Summary

The Action to Control Cardiovascular Risk in Diabetes [ACCORD] Lipid study [NCT00000620] does not support the use of combination fibrate and statin therapy compared with statin therapy alone to reduce cardiovascular risk in high-risk patients with type 2 diabetes mellitus. However, subgroup analyses suggest a treatment interaction that is associated with combination therapy and gender and a possible interaction between combination therapy and severe dyslipidemia.

  • lipid disorders
  • prevention & screening clinical trials
  • diabetes mellitus
  • prevention & screening

The Action to Control Cardiovascular Risk in Diabetes (ACCORD) Lipid study (NCT00000620) does not support the use of combination fibrate and statin therapy compared with statin therapy alone to reduce cardiovascular (CV) risk in high-risk patients with type 2 diabetes mellitus (DM). However, subgroup analyses suggest a treatment interaction that is associated with combination therapy and gender and a possible interaction between combination therapy and severe dyslipidemia.

Henry N. Ginsberg, MD, Columbia University, New York, NY, discussed findings from the ACCORD Lipid Study. The lipid substudy was a randomized, placebo-controlled, double-blind trial that included 5518 participants with stable type 2 DM for >3 months who were at high risk for cardiovascular disease (CVD) events (defined as clinical or subclinical disease or having ≥2 risk factors in addition to type 2 DM; Table 1). All patients were taking simvastatin 20 to 40 mg/day and were randomized to receive either fenofibrate 54 to 160 mg/day (based on estimated glomerular filtration rate) or placebo. The mean follow-up was 4.7 years.

Table 1.

Additional Inclusion Criteria for the ACCORD Lipid Study.

The primary outcome was the first occurrence of a major CV event (defined as nonfatal myocardial infarction [MI], nonfatal stroke, or CV death). Secondary outcomes included the individual components of the primary outcome, an expanded macrovascular outcome (defined as a combination of the primary outcome plus revascularization or hospitalization for congestive heart failure), major coronary disease events (defined as a combination of a fatal coronary event, a nonfatal MI, or unstable angina), hospitalization or death due to heart failure, all stroke, and death from any cause.

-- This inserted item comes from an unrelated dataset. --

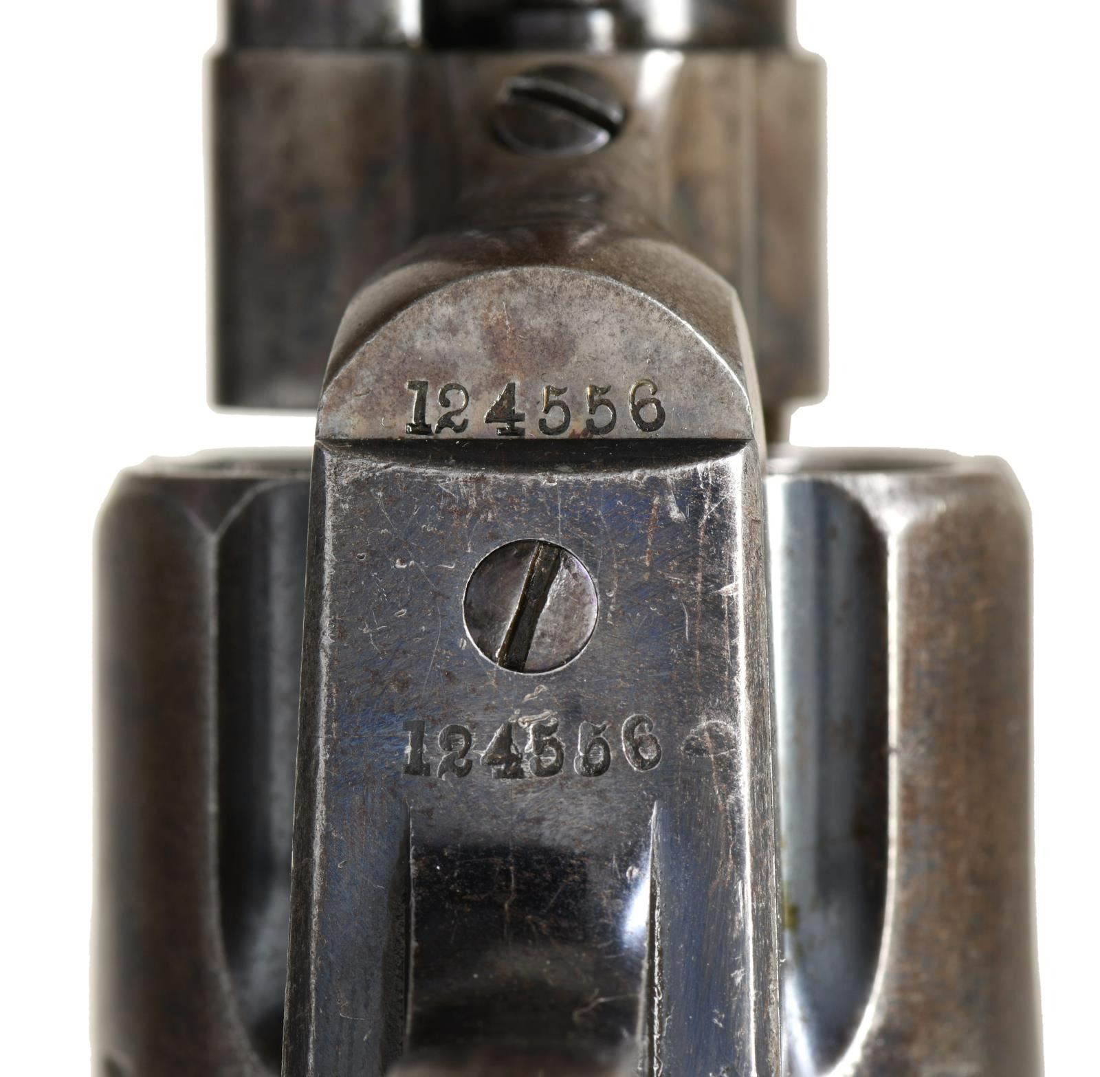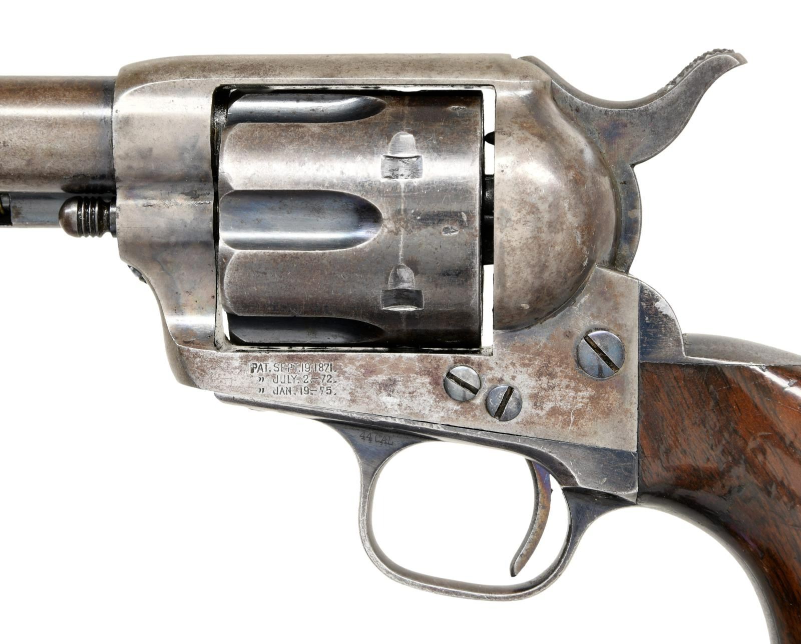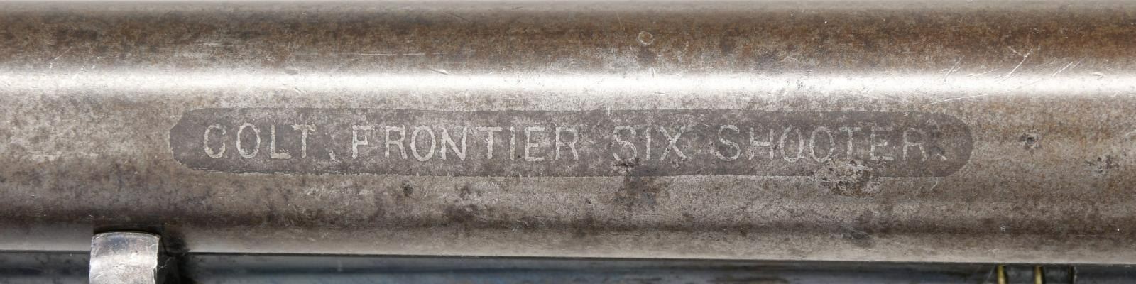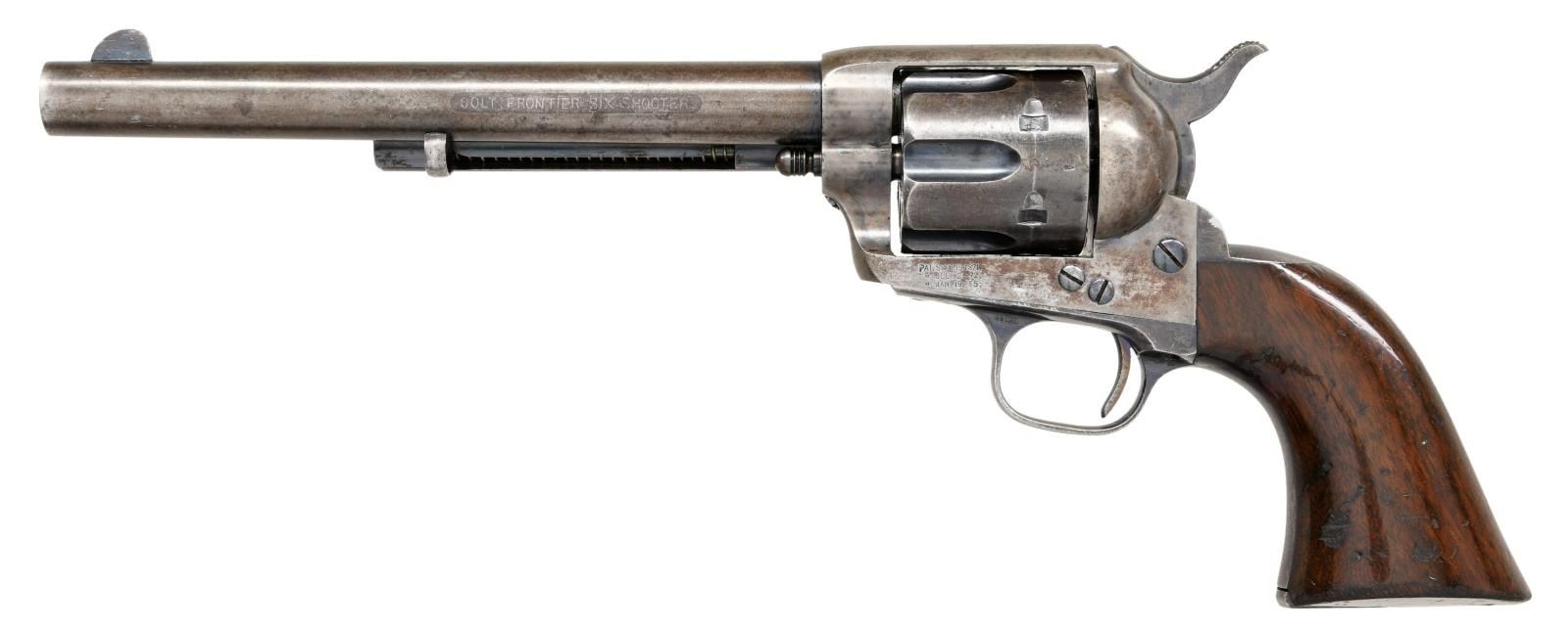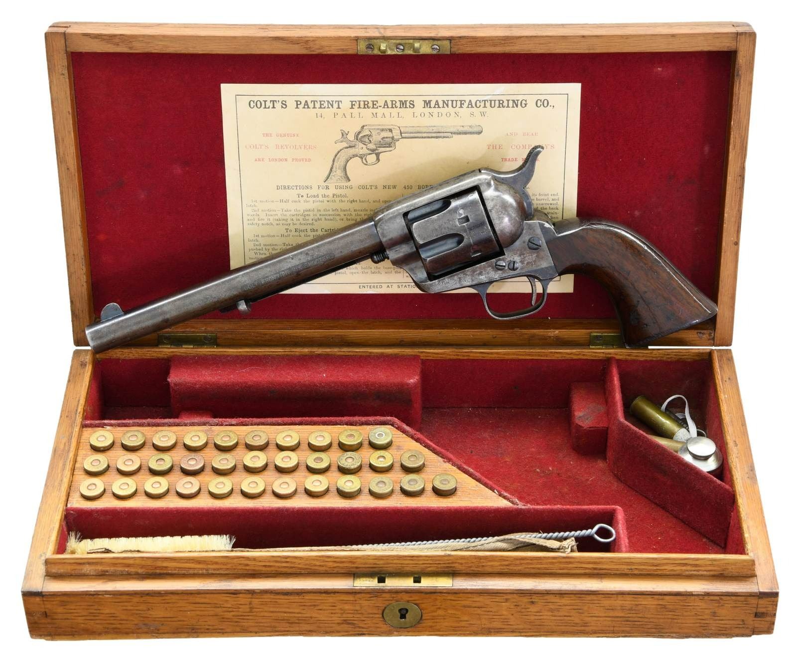 SHOOTER" SINGLE ACTION ARMY REVOLVER. Cal. 44-40. S# 124556. Standard configuration, 7.5" barrel, full round front sight, one-line Hartford address, "COLT FRONTIER SIX SHOOTER" etched panel on left side, crisp "44" and small London proofs forward of the base pin. "44CAL" stamped on left front web of trigger bow. Frame stamped on left side with three-line patent marks, right side stamped P9503 in large font upside down dies, mounted with high polish varnished grips. This revolver was one of 110 Frontier Six Shooters shipped to the London agency in 1887. The accompanying red baize lined English oak case has illustrated directions paste inside lid. Case is fitted for a Dixon pewter oiler, cleaning brush and three piece slotted rod. CONDITION: fine overall, revolver retains about 20% bright factory blue especially in protected areas, traces of case colors, balance of metal is smooth gray patina, markings are crisp. Mechanics are fine, crisp rifled bore. Grips retain about 90% of their original factory varnish with moderate edgewear and scattered dents and scratches. Casing very good with expected wear and soiling to lining, pasted direction label is fine. PROVENANCE: revolver Little John's Auction 2000. Case & accessories Mel Torme, Collection of Horst Kreiner. (01-24011/JS). $8,000-12,000.

There was no significant difference between fenofibrate and placebo for the primary outcome or the prespecified secondary outcomes. The most common adverse event was severe muscle aches/pains, which was similar in both groups regardless of creatine kinase level (40% for both groups). Elevations of creatine kinase were unusual and not different between the two treatment groups. Other serious adverse events were uncommon. Both groups demonstrated increased serum creatinine levels over the course of the study, but the incidence of elevated creatinine was 50% to 100% higher in the fenofibrate group. In contrast to the increases in creatinine in the fenofibrate group, the incidence of both micro- and macroproteinuria was lower in participants who were treated with fenofibrate.

There was evidence of an interaction between gender and fenofibrate + simvastatin combination therapy, suggesting a potential harm for women (9.1% event rate over five years for the fenofibrate group vs a 6.6% event rate over five years for the placebo group) and potential benefit for men (11.2% for fenofibrate vs 13.3% for placebo) with regard to the primary outcome of major CV events (p=0.01 for interaction). When patients with both low HDL levels (≤34 mg/dL) and high triglyceride levels (≥204 mg/dL) were compared with all other participants, a weak heterogeneity was observed, but this interaction did not reach statistical significance (p=0.057 for interaction). However, there was a suggestion of benefit in the subgroup with severe dyslipidemia (12.37% for fenofibrate vs 17.32% for placebo); there was no benefit of fenofibrate in all other participants (10.11% for fenofibrate vs 10.11% for placebo).

While the primary endpoint was not achieved in the ACCORD Lipid study, the interactions that were noted during the subgroup analyses merit further investigation. Whether or not there are gender-specific differences in benefit that are associated with fenofibrate combination therapy has not been established. Additionally, the nonsignificant interaction that was detected in those with significant dyslipidemia requires clarification.